This awareness is revealed directly in “Mr. and Mrs. Elliot,” for both partners had kept themselves “pure” but were equally disappointed on their wedding night. The physical insufficiency of their lovemaking is more than just sexual frustration. Despite their efforts, they cannot conceive what they most desire: a child. In “Cat in the Rain” and “Out of Season,” the general cause of the couples’ discontent is more subtly conveyed, but a key phrase indicates that, once again, it comes down to unfulfilled expectations. The wife in the former story compares herself to the cat outside her hotel window when she declares, first, that “It isn’t any fun to be a poor kitty out in the rain” and, then, that “If I can’t have long hair or any fun, I can have a cat” (IOT 93, 94; my emphasis). Like the cat in the rain, she feels shut out, unwanted, unnoticed, unloved; she and her husband do not make each other happy anymore.
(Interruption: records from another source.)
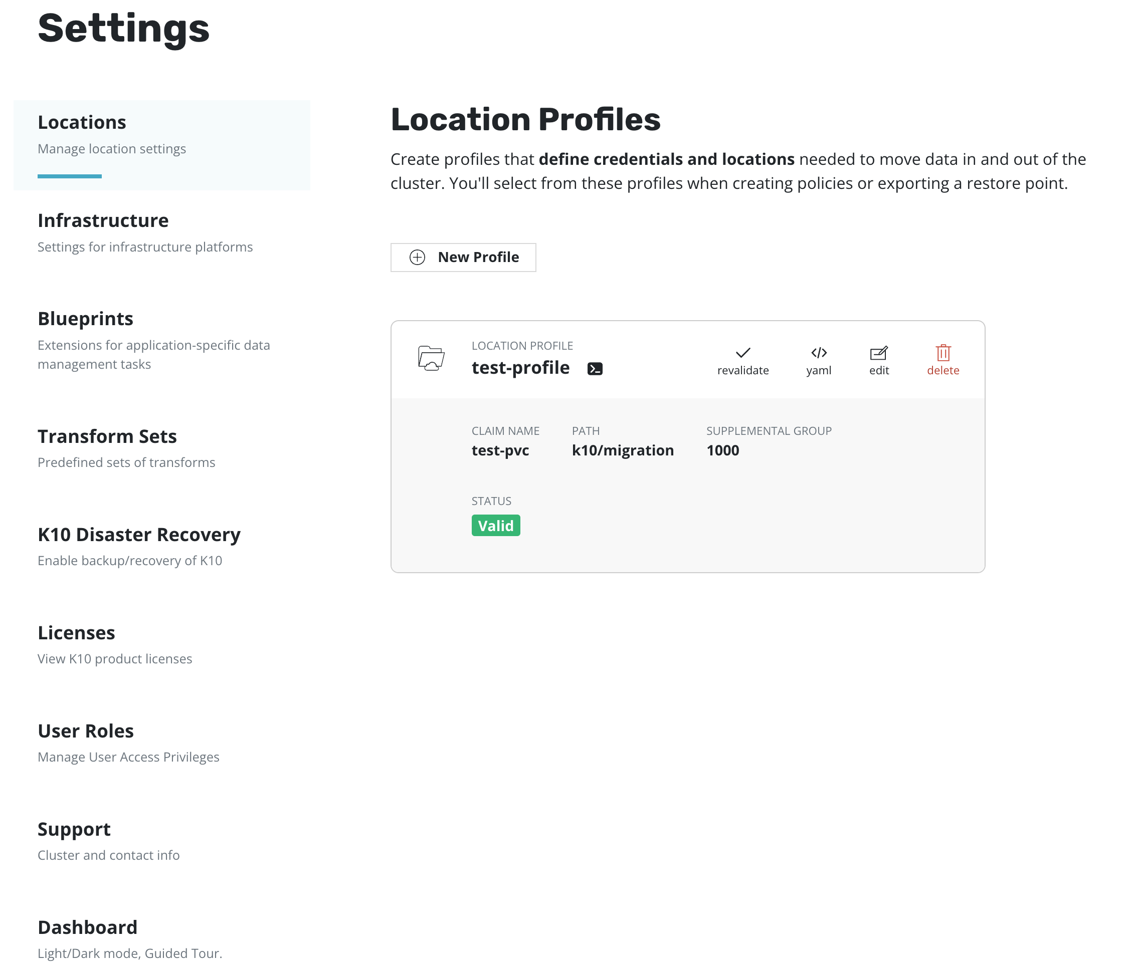 If the location profile is used for exporting an application for cross-cluster migration, it will be used to store application restore point metadata and, when moving across infrastructure providers, bulk data too. Similarly, location profiles are also used for importing applications into a cluster that is different than the source cluster where the application was captured.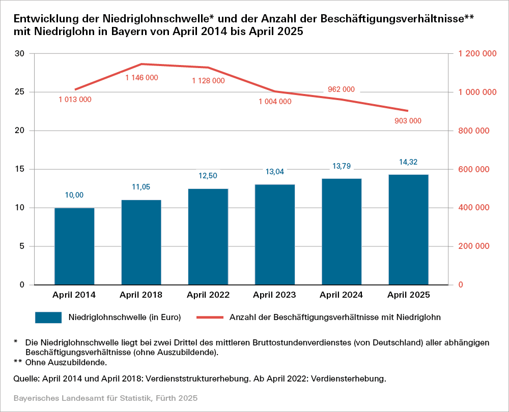 Für 903 000 abhängige Beschäftigungsverhältnisse in Bayern liegt der Lohn im April 2025 unterhalb der bundeseinheitlichen Niedriglohnschwelle von 14,32 Euro brutto je Stunde. Die Anzahl der Jobs im Niedriglohnbereich hat im Vergleich zum April 2024 um 59 000 abgenommen. Im April 2025 gehören dem Niedriglohnsektor 13,0 Prozent aller abhängigen Beschäftigungsverhältnisse im Freistaat an. Frauen sind mit einem Anteil von 15,8 Prozent häufiger im Niedriglohnsektor beschäftigt als Männer mit einem Anteil von 10,5 Prozent. Die Lohnspreizung zwischen Gering- und Besserverdienenden hat innerhalb eines Jahres abgenommen.
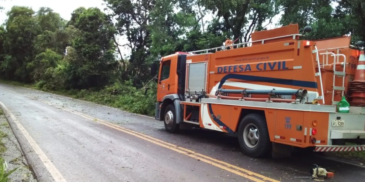 Defesa Civil faz desobstrução de pista na PR573 após vendaval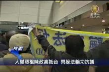 人權惡棍陳政高抵台 閃躲法輪功抗議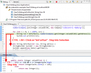 第二个是“Step into Selection”. 这也是很简单,但很多人使用的一个。要使用它,你只需要按 Ctrl+Alt 同时点击一个你想运行到的方法名。非常方便,非常快速。相比“Step Into”这个非常方便,想想你像跟踪进一个有很多参数的函数,如果用“Step Into”你必须进入,退出每个参数计算过程,才能进入到你真正想进的函数。“Run toline”也是很棒的特性。只需要把光标放在你想运行到的哪一行前面,然后按“CTRL+R”就可以了。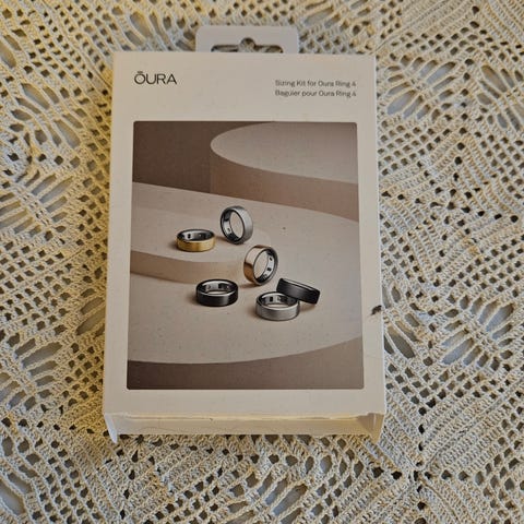 Oura Gen3 älysormuksen sovitussetti. Tuote toimitetaan alkuperäisessä pakkauksessa, mukana eri kokoiset renkaat sopivuuden varmistamiseksi.
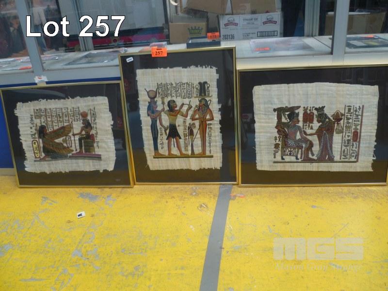3 x FRAMED EGYPTIAN PAPYRUS PAINTINGS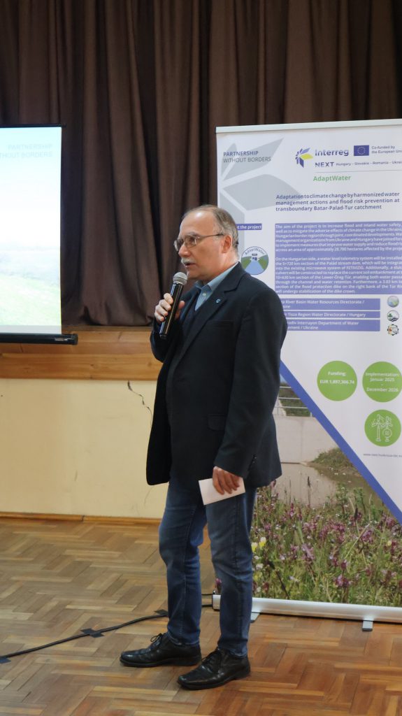 Під час форуму Дюла Філеп, координатор проєкту в Угорщині, начальник Сотмарської інженерної дільниці Верхнє-Тисайської Дирекції водного господарства детально розповів учасникам заходу про передумови проєкту AdaptWater, а також рішення, запропоновані проєктом на території громади для покращення управління водними ресурсами, вирішення проблем затоплення і нестачі води на території Батарської транскордонної водогосподарської системи. Крім цього, Іштван Дойко, начальник відділу протипаводкового захисту і управління річок FETIVIZIG у своєму виступі звернув увагу на тісне співробітництво водників України та Угорщини у питаннях захисту від шкідливої дії вод.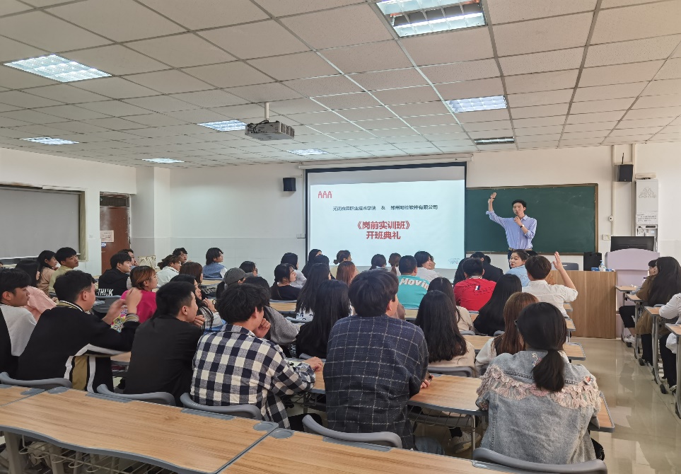 数媒艺术教研室主任降华做了总结性发言,表明校企合作岗前培训对于学生的就业发展是非常有帮助的,不仅助于学生明确自我定位和就业方向的选择,为各位同学铺设校园走向社会的桥梁,助力学生与顶岗实习岗位的完美对接。
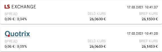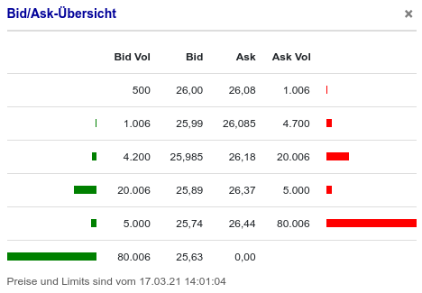 Der Spread beträgt also 0,31%. Bei einem Kaufvolumen von 10.000 € oder mehr würde ich den LS bei Xetra handeln, weil es dort (in Deutschland) die größten Umsätze gibt. Und ich würde einen Limit-Auftrag aufgeben und das Limit in die Mitte zwischen Ask- und Bid-Kurs setzen, also in diesem Fall auf 26,04 €. Klappt fast immer (manchmal sofort, manchmal nach ein paar Stunden) - und ich bekomme einen etwas besseren Kurs, als wenn ich den Ordertyp "bestens" wähle.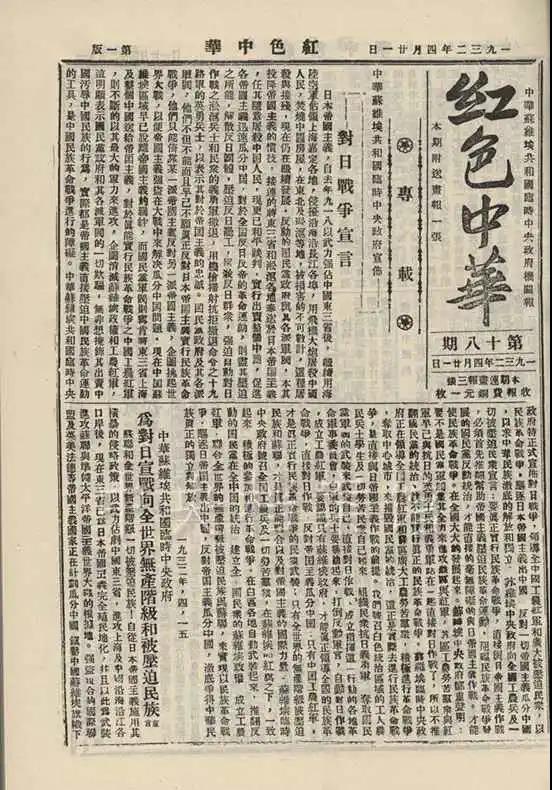 中華蘇維埃共和國(guó)臨時(shí)中央政府宣布對(duì)日戰(zhàn)爭(zhēng)宣言。

In “Out of Season” the husband voices a similar sentiment when he sends his wife back to the hotel with: “It’s a rotten day and we aren’t going to have any fun, anyway” (IOT, 101; my emphasis).The concentration in both stories on a lack of fun recalls Nick’s reason for breaking up with Marjorie in “The End of Something”: “It isn’t fun any more” (IOT, 34). “Isn’t love any fun?” Marjorie asks. “No,” Nick answers, and so might the couples in “Mr. and Mrs. Elliot,” “Cat in the Rain,” and “Out of Season.”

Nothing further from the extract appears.